Execution becomes harder as complexity rises. Growth adds clients, products, jurisdictions, providers, and oversight requirements. In financial services, that complexity is not only commercial, it is evidential.

Your operating model

Firms are expected to demonstrate that client outcomes are controlled through repeatable processes, that risks are identified early, and that governance is more than meeting minutes. An operating model is therefore not an internal preference; it is part of your licence to operate.

 

CGI builds operating model and delivery frameworks that clarify roles, responsibilities, reporting, and governance so firms can move with pace while maintaining control and accountability.

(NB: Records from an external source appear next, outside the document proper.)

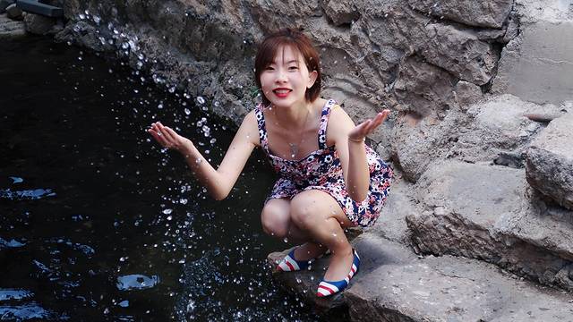 在小河边开心的玩耍,似乎拥有了一片独享的私人空间。
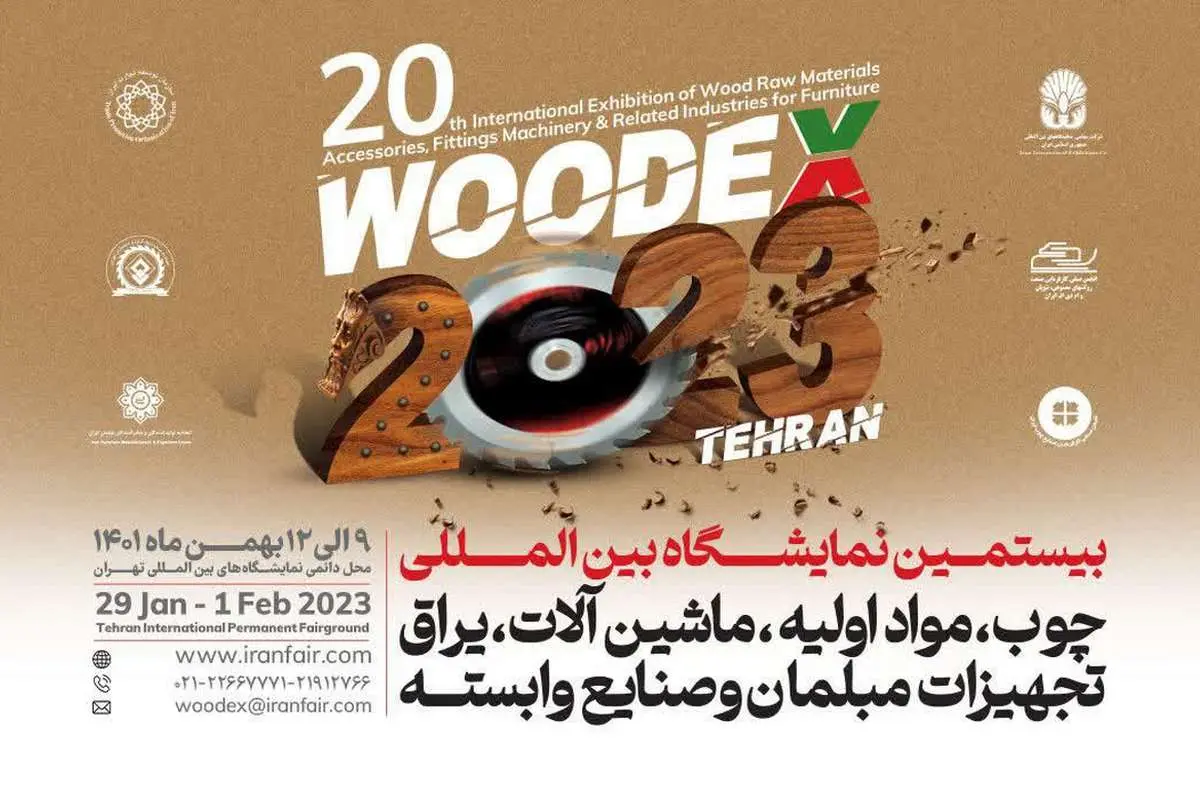 بیستمین دوره نمایشگاه بینالمللی چوب، مواد اولیه، ماشینآلات، یراق، تجهیزات مبلمان و صنایع وابسته (WOODEX) از ۹ الی ۱۲ بهمن ماه از ساعت ۸ صبح الی ۱۵ عصر فعال خواهد بود.
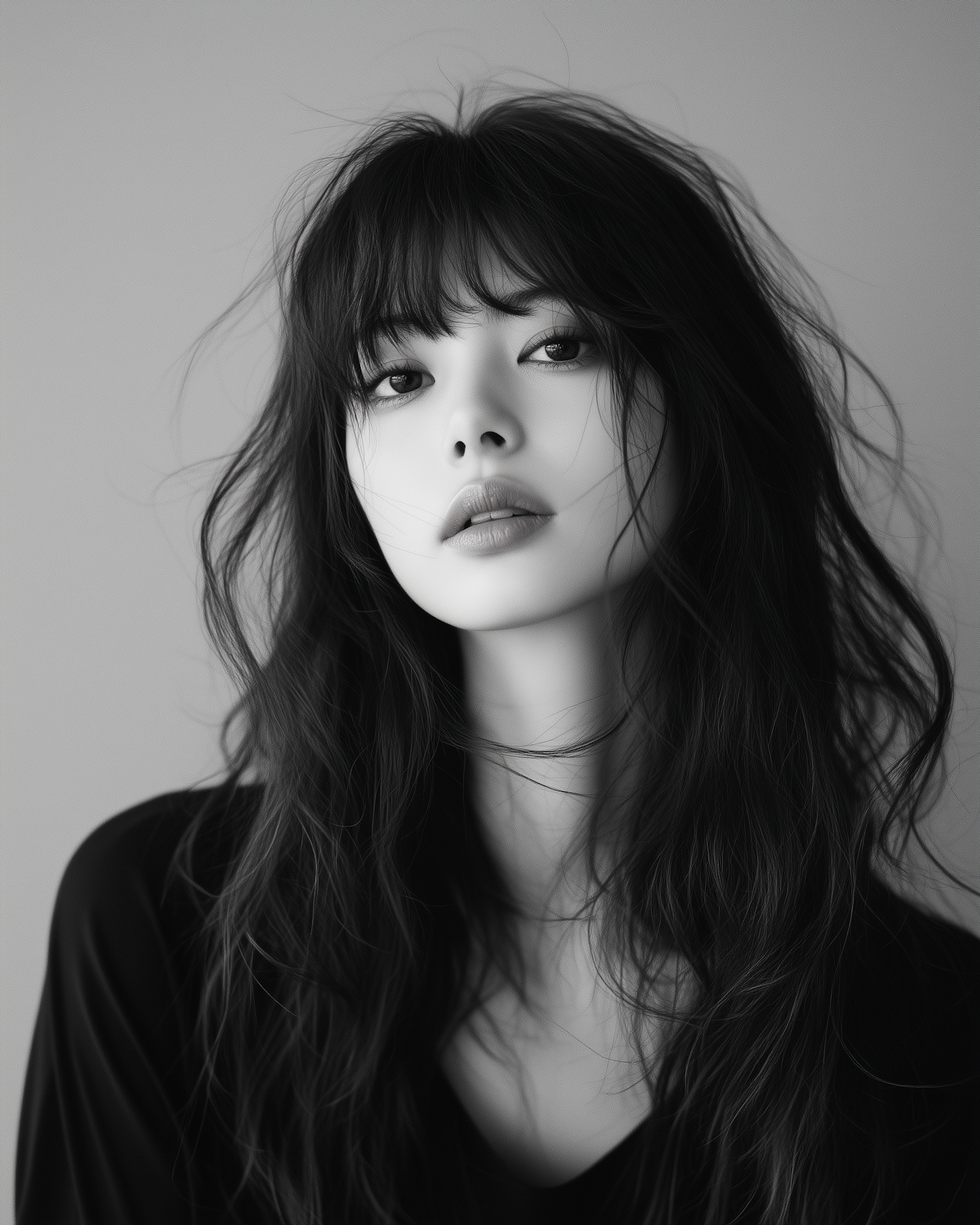 Black and white portrait of a young Asian woman with long wavy hair and serene expression, highlighting her delicate features.
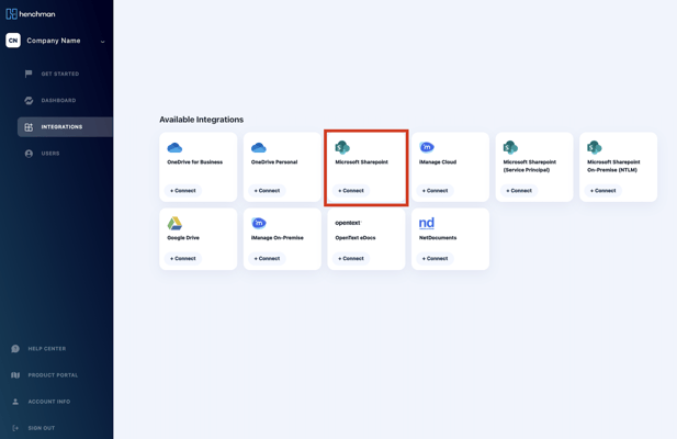 - Go to Integrations and select Connect for Microsoft Sharepoint
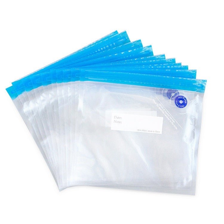 - CLEAN AND ORGANIZED KITCHEN: Durable BPA free plastic reusable bags feature reinforced zipper lock to ensure a strong and lasting seal; Bags are great for SOUS VIDE cooking, quick vacuum marinating, and to prevent freezer burn.
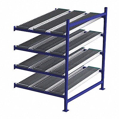 Gravity Flow Rack 1 000 lb Load Capacity per Shelf Tilted Shelf Angle 14 ga Shelf Gauge Add-On Shelving Configuration Number of Shelves 4 Decking Finish Powder Coated Decking Material Steel Roller Track Decking Style Depth per Side 60 in Powder Coated Steel Blue Overall Depth 60 in Overall Height 72 in Overall Width 48 in 12 ga Post Gauge 4 000 lb Whole Unit Load Capacity Assembled Unassembled Labels Post Caps Touch Up Marker Bolt-Together
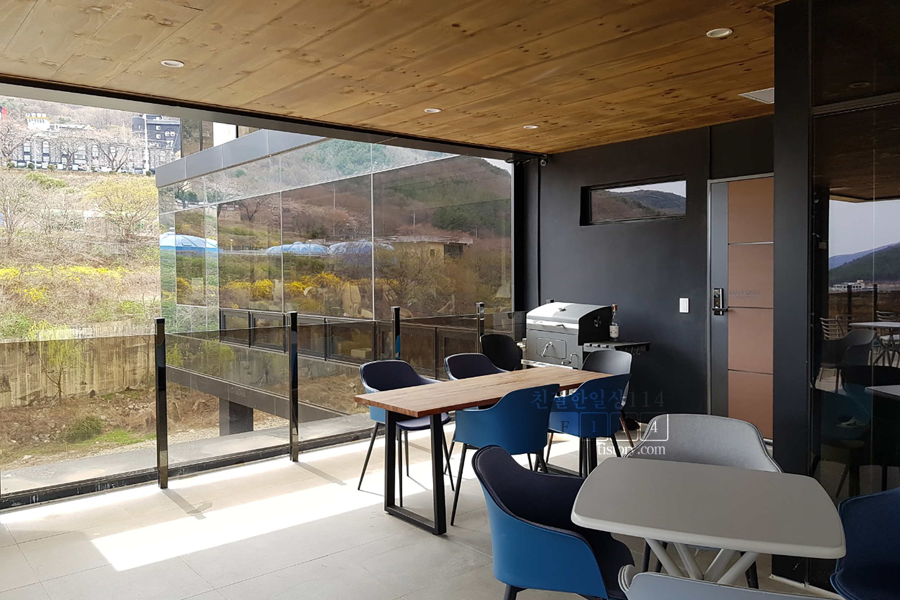 3층에는 테라스로 바비큐 그릴과 테이블이 마련되어있다. 날씨 좋은 날에는 이곳에서 경치를 구경하며 맥주마시기 좋을 것 같다. 단 맥주를 마시기전에 이곳을 빠져나갈 수 있는 방법을 먼저 생각하고 마셔야 겠다. (이곳까지 대리운전기사가 오는지는 모르겠다)
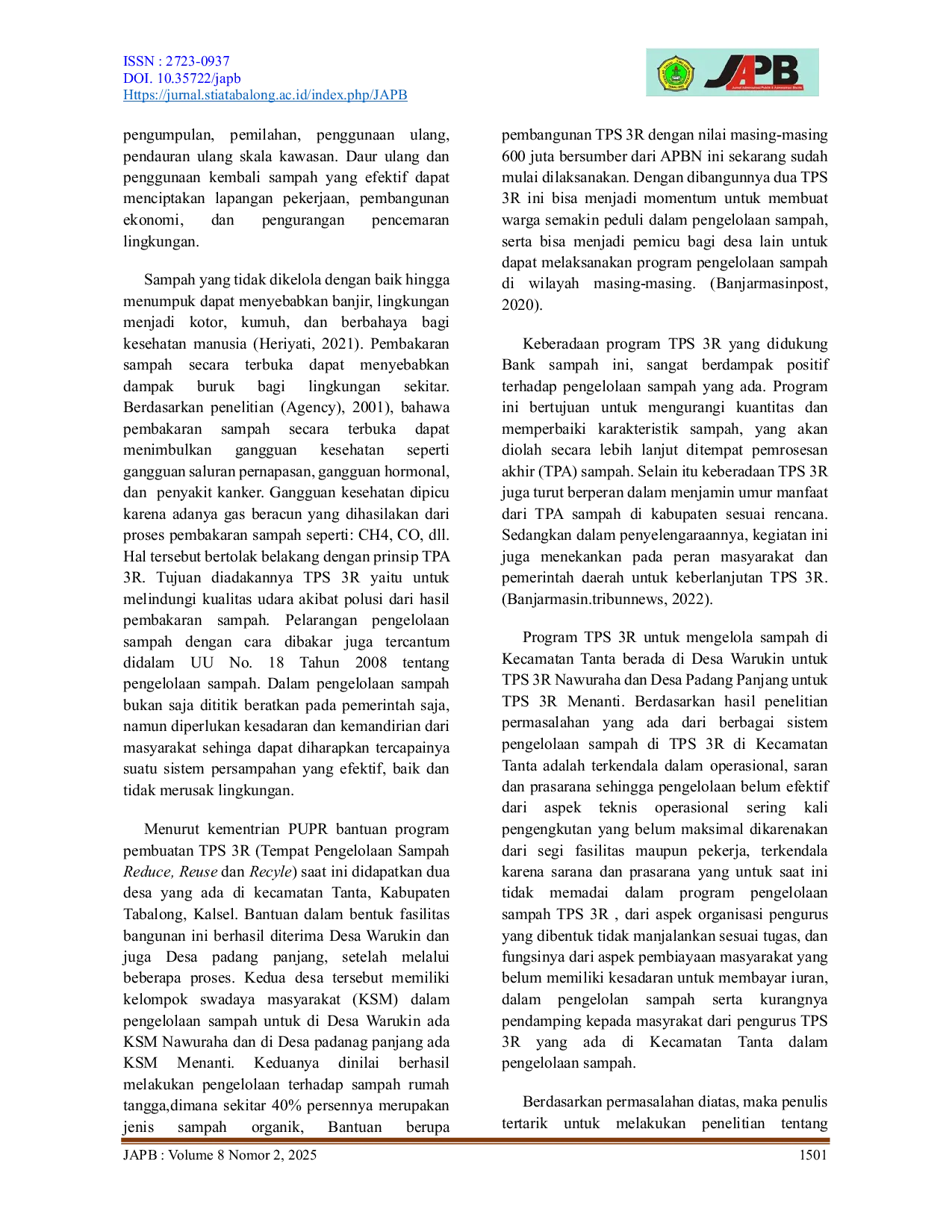 JAPBJAPBTPS 3R adalah pendekatan pengelolaan sampah pada skala komunal, melibatkan pemerintah dan masyarakat, termasuk yang berpenghasilan rendah di permukiman padat. Mengutamakan prinsip Reduce, Reuse, dan Recycle, TPS 3R mengurangi sampah dari sumbernya dan beban di TPA. Fasilitas TPS 3R penting untuk pengelolaan sampah yang efektif. Tujuan penelitian ini adalah untuk mengetahui efektivitas pengelolaan sampah berbasis TPS 3R serta untuk mengetahui faktor-faktor yang mempengaruhi efektivitas pengelolaan sampah berbasis TPS 3R pada TPS 3R di kecamatan Tanta kabupaten Tabalong. Metode penelitian yang digunakan dalam penelitian ini adalah jenis penelitian deskriptif dengan pendekatan kualitatif. Sumber data yang digunakan dalam penelitian ini adalah data primer dan data sekunder. Teknik pengumpulan data dilakukan dengan observasi, dokumentasi dan wawancara kepada informan yang berjumlah 6 orang. Teknik analisis data yang digunakan dalam penelitian ini menggunakan model interaktif untuk menganalisis data hasil penelitian yaitu menggunakan reduksi data, penyajian data dan penarikan kesimpulan. Hasil penelitian ini menunjukan bahwa efektivitas pengelolaan sampah berbasis TPS 3R pada TPS 3R di kecamatan Tanta kabupaten Tabalong Belum Efektif. Hal ini dinyatakan dari 3 indikator hanya 1 indikator yang sudah efektif, yaitu ketepatan sasaran, Adapun faktor penghambat Program TPS 3R di Kecamatan Tanta, Kabupaten Tabalong menghadapi kendala berupa kurangnya tenaga kerja, sarana dan prasarana yang tidak memadai, serta keterbatasan dana, Selain itu, partisipasi masyarakat yang minim juga menghambat jalannya program.
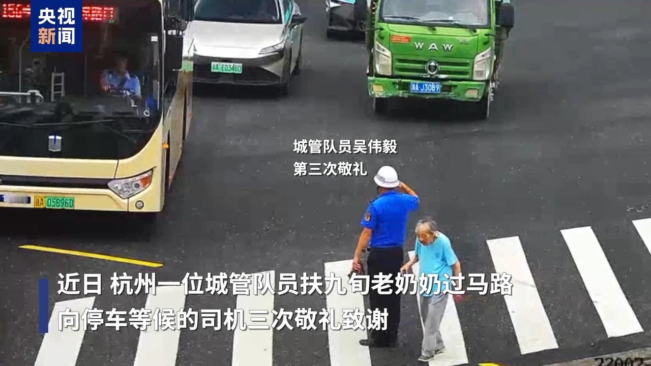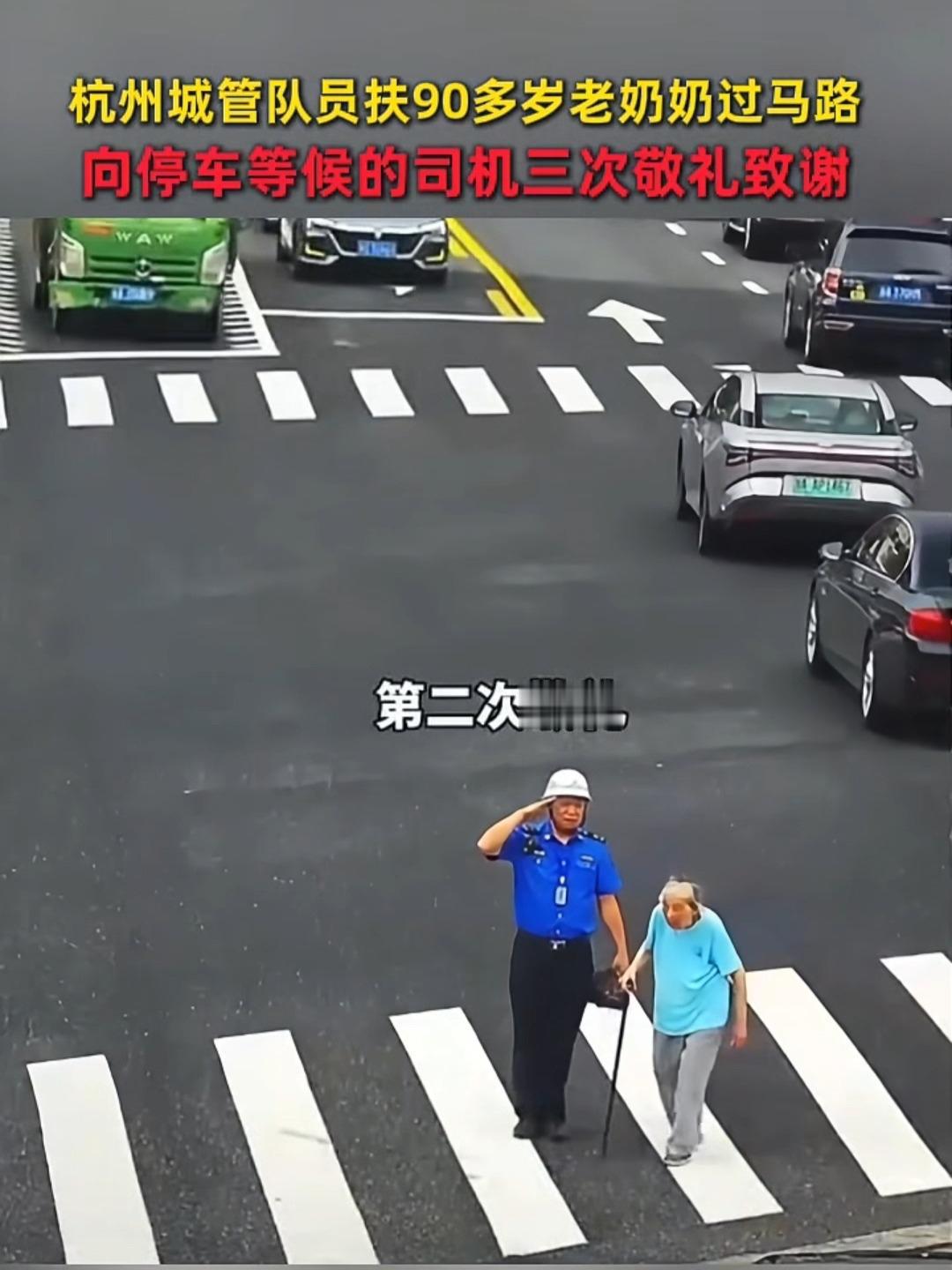 杭州街头15秒刷屏全网!男子3次敬礼,这才是最动人的城市模样 刷到杭州那条15秒的监控视频了吗?没有豪车红毯,没有流量明星,却让百万网友看哭——一位城管陪着96岁老奶奶过马路,对着礼让的车流连敬3次礼,司机们纷纷点头回礼,这一幕被赞“刻进骨子里的温柔”。 事情发生在9月18日的文三路,西湖区城管吴伟毅巡逻时,发现徐奶奶拄着拐杖扶墙慢走,绿灯刚过半就红了,双向六车道的主干道上,老人孤零零站在路中间。他立刻拿上雨伞陪在旁边,没想到所有车辆齐刷刷停下,没有一声鸣笛,连公交车都稳稳刹住车等老人挪步。 “当时真的意外又感动,必须敬个礼谢谢他们。”吴伟毅的第一敬礼刚落下,156路公交司机蒋松松就笑着点头回礼;走到路中间,见右转车辆仍在等候,他再次抬手;直到把老人护到对岸,还不忘回头补了个礼。这三次敬礼,没有标准姿势,却比任何仪式都让人动容。 更暖的是后续:吴伟毅发现老人迷路了,只记得住马塍路,直到遇上警车交接给民警才离开。当晚家人急得团团转,接到民警电话时,女儿江女士哭着说“多亏了这群好心人”。而蒋松松说这只是日常:“在杭州,斑马线礼让行人早成了习惯,他敬礼我回礼,再正常不过。” 网友说得戳心:“这哪是过马路?是陌生人之间的默契接力。” 是啊,我们总抱怨人情冷漠,可杭州街头这15秒告诉你:有人默默守护老人,有车静静等候脚步,有感谢也有回应,这才是城市该有的温度。 没有惊天动地的壮举,只有举手投足的善意。吴伟毅的三次敬礼,敬的是司机的耐心,更是人心的温暖。这样的瞬间,藏在每个城市的角落,也藏在我们心底最软的地方。你遇见过这样的温暖瞬间吗?评论区讲讲你的故事!

A useful global reference point is that change programmes regularly fail when organisations rely on informal ways of working and fragmented ownership.

 

In a financial services context, operating change typically intersects with client onboarding, suitability and appropriateness processes, control functions, vendor dependencies, and regulatory evidence standards. When operating change is poorly structured, the impact is immediate: slower onboarding, inconsistent file quality, weak oversight routines, and higher operational and conduct risk.

 

Figure 1. Transformation outcomes (illustrative, based on McKinsey research showing fewer than 30% of transformations succeed; chart uses 30% as a visual benchmark).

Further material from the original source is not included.